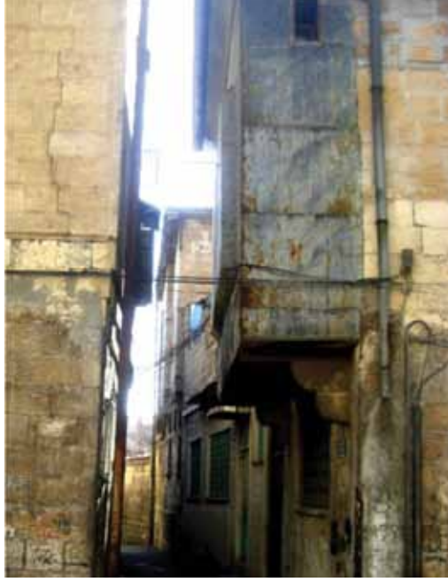
Resim 15: Bay Asım Çıkmaşı'nın Kepkep Sokağına açılışı (G. Gül, 2010)
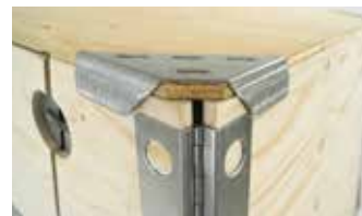
Coperchio con angoli
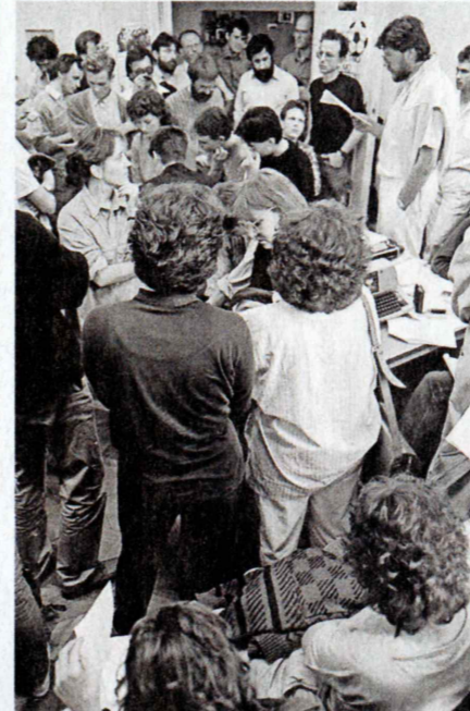
Ustanovitev Odbora za varstvo pravic Janeza Janšea na Mladini.
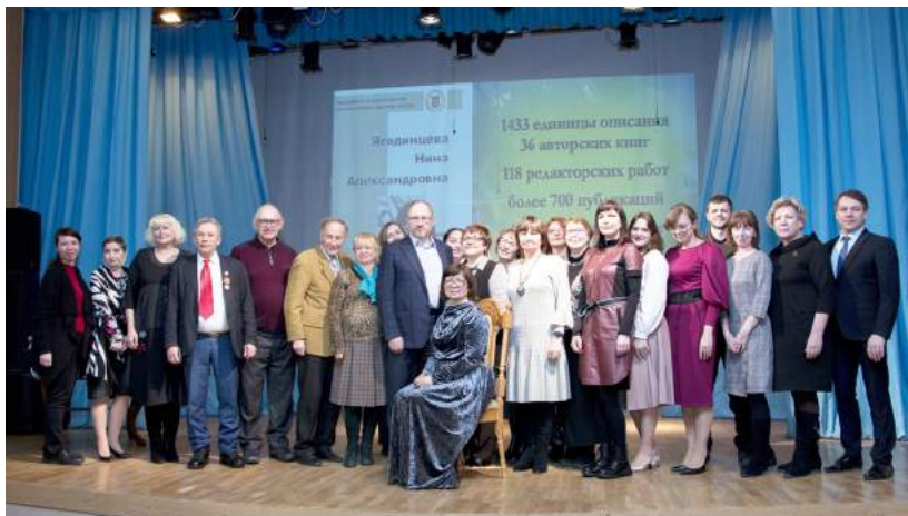
Литературный вечер, посвященный юбилею Н. А. Ягодинцевой – поэта, секретаря Союза писателей России, профессора 8 февраля 2022 г.
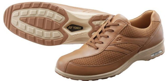
(上)パワークッション LC65(ピンク) (下)パワークッション MC65(キャメル)

(左)7mの高さから生卵を落としても割れずに4m以上跳ね返す衝撃吸収力・反発力を併せ持つ素材「パワークッション」
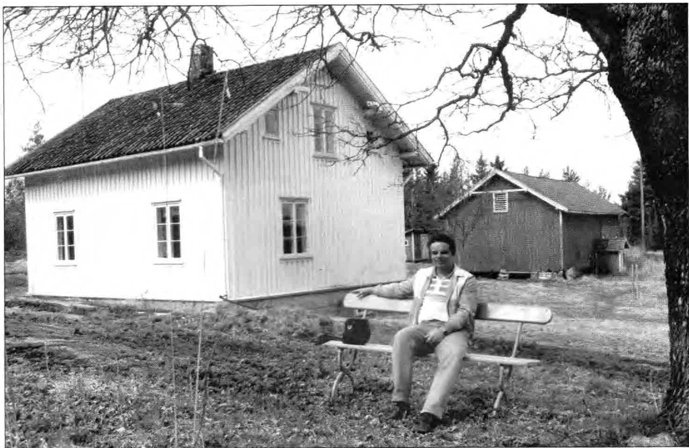
Lille Seljevik - en idyll hvor Saugbrugsansatte kan hente nye krefter.

Radio Halden benyttet anledningen til å lage et program om jubelanten der både tidligere og nåværende medlemmer ble intervjuet. Programmet varte i en time og ble sendt både før og etter jubileumsfesten.
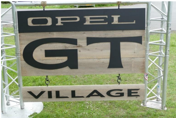
Bilerne, salgsboder og bespisningen foregik i GT Village.

Blev i år afviklet i Belgien ved Wachtebeke i Belgien – som sædvanligt i pinsen. Det var den belgiske Opel GT Klub der stod for arrangementet og de kunne dermed også fejre deres 30-års jubilæum som klub.
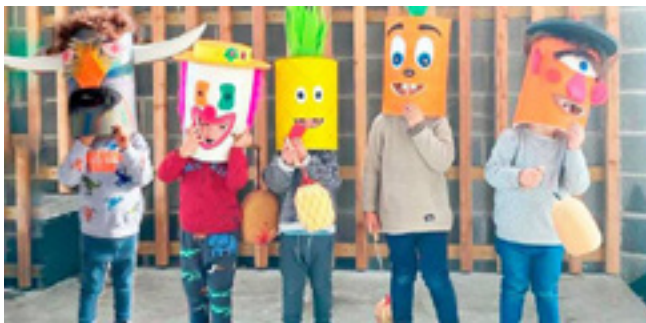
Umeak eurek egindako buruarinekin.
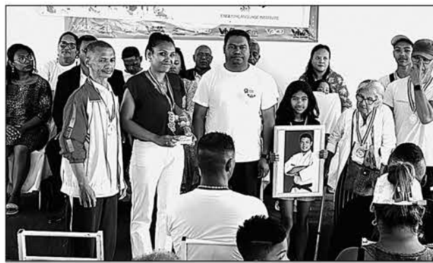
Célébration du 35 e anniversaire en grande pompe, ce dimanche.
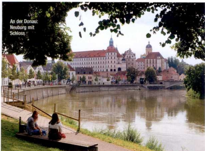
An der Donau: Neuburg mit Schloss
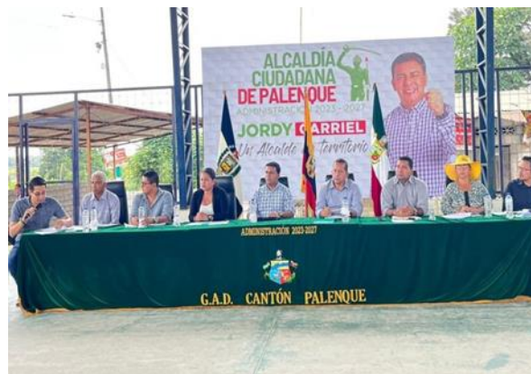
Fotografía 9: Primera Sesión de Concejo Municipal en territorio, en el recinto La Libertad
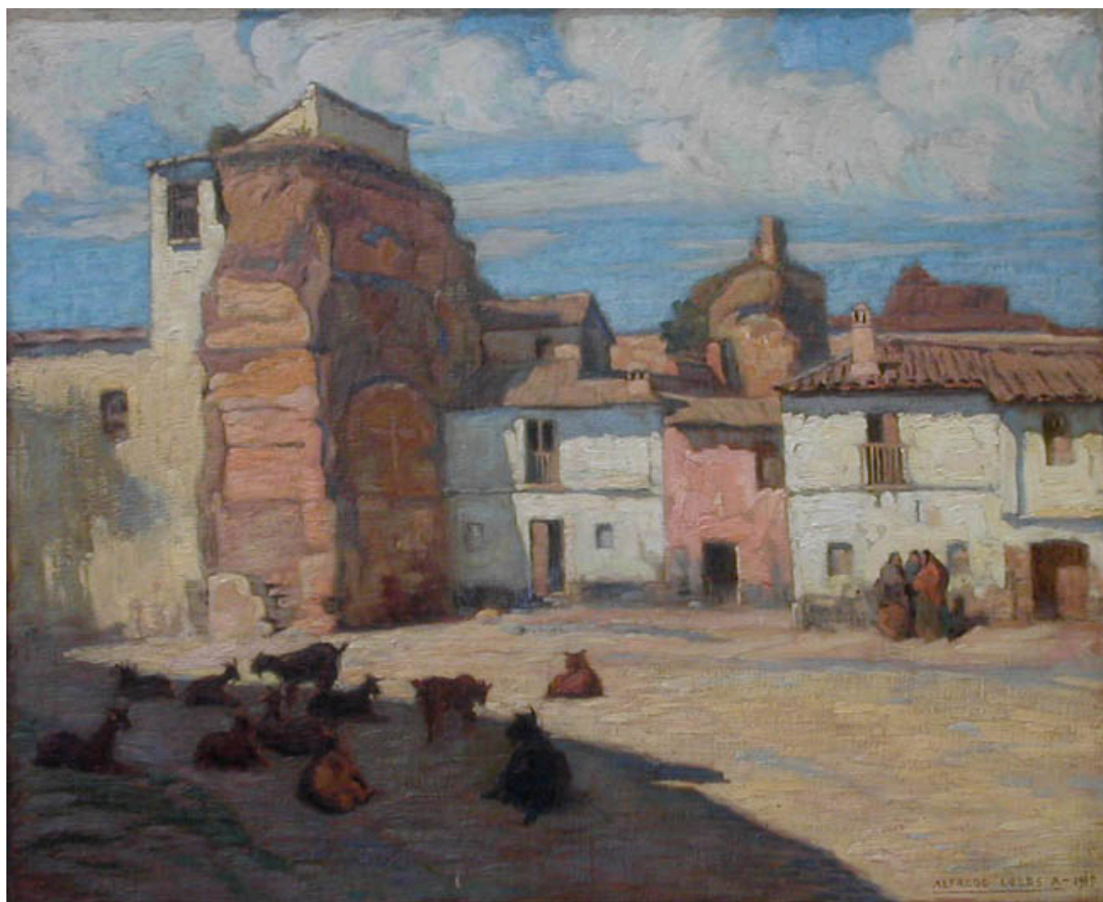
EN LA PLACETA DEL ABAD
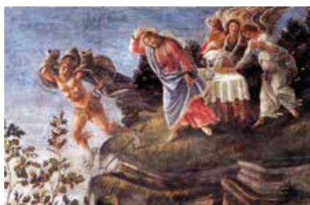
Sandro Botticelli: Pokušení Krista, detail (1473–1481)

Třebaže však nabízí dialog, ďábel nechce, aby byl člověk svobodný, nýbrž usiluje o jeho zotročení. Ďábel chce člověka o svobodu připravit. Chce po něm, aby popřel Boží přikázání, a svobodně tak sám sebe připravil o svobodu. Ďábel při-
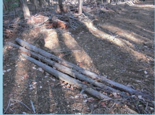
素掘りの後、洗掘防止の為に丸太を敷く (撮影場所 岡山県)
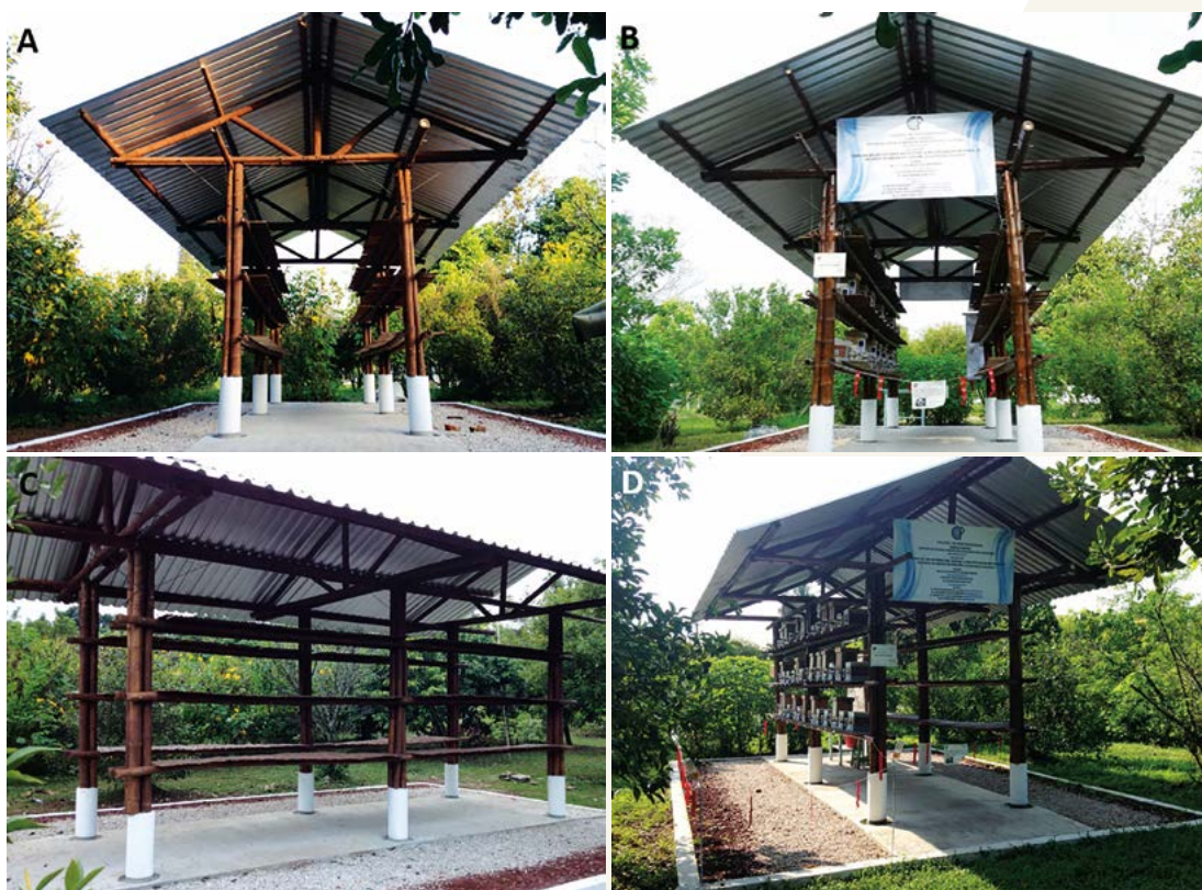
Figura 5. A: Vista lateral de meliponario Campus Córdoba-CP sin cajas. B: Vista lateral de meliponario Campus Córdoba-CP con colonias de Scaptotrigona mexicana alojadas en caja. C: Vista frontal lado norte del meliponario Campus Córdoba-CP sin cajas. D: Vista angular de meliponario Campus Córdoba-CP con colonias de S. mexicana en caja.
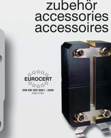
Isolierungen aus PU Hartschaum Insulation with PU hardened foam material Isolations en mousse polyuréthane dure

Das Unternehmen WTT WTT entwickelt, produziert und vermarktet gelötete Plattenwärmeübertrager. Gegründet wurde das Unternehmen 1992. Der Name WTT ist weltweit zu einem Begriff für gelötete Plattenwärmeübertrager hoher Qualität geworden. Die Fertigung erfolgt nach dem Qualitätsmanagementsystem DIN EN ISO 9001 : 2000. Besuchen Sie uns im Internet http://www.WTTglobal.com Sales@WTTglobal.de
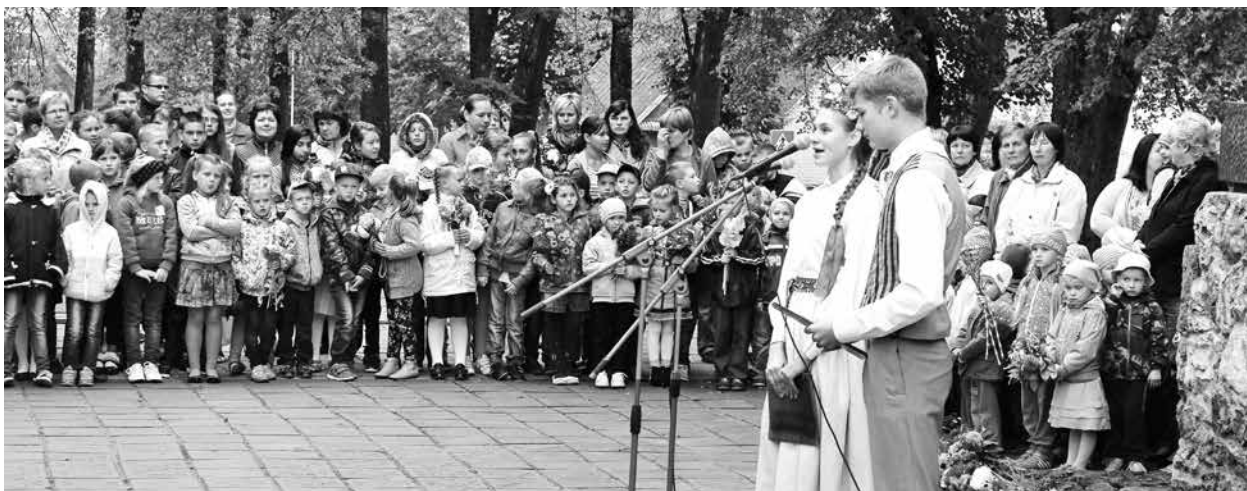
... atvērt dvēseli rudens un dzejas smaržai

ni, attēlojot secīgi dzejoļa notikumus un pārdzīvojumus. Bērni saņēma ne tikai diplomus, bet arī gandarījumu un jaunus iespaidus par dzejnieku Raini.” *
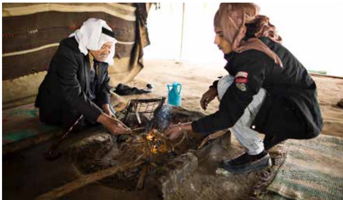
Gæster får te: Som gæst i et jordansk hjem bliver du gerne tilbudt en kop hed og sød te. Den tradition holder beduinerne også i hævd. De brygger den gerne med mynte. Teen går også under kælenavnet 'beduin-whisky'.

Jo længere sydpå i landet man kommer, des flere af de karakteristiske gedehårstelte dukker op i det sandede ørkenlandskab. Teltene er kendt som 'beit al-sha'ar', der slet og ret betyder 'et hus af hår.'
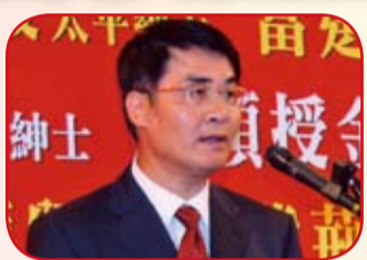
中聯辦黃蘭發副主任
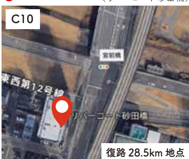
5 宮前橋南側道 (リバーコート砂田橋)
------------------------------------------------------------
TASK PROMPT: Start with the line above that contains "Bilerne, salgsboder og" and end with the line that contains "Blev i år afviklet". Write out those lines exactly, and only those.

ANSWER SPACE:
Bilerne, salgsboder og bespisningen foregik i GT Village.

Blev i år afviklet i Belgien ved Wachtebeke i Belgien – som sædvanligt i pinsen. Det var den belgiske Opel GT Klub der stod for arrangementet og de kunne dermed også fejre deres 30-års jubilæum som klub.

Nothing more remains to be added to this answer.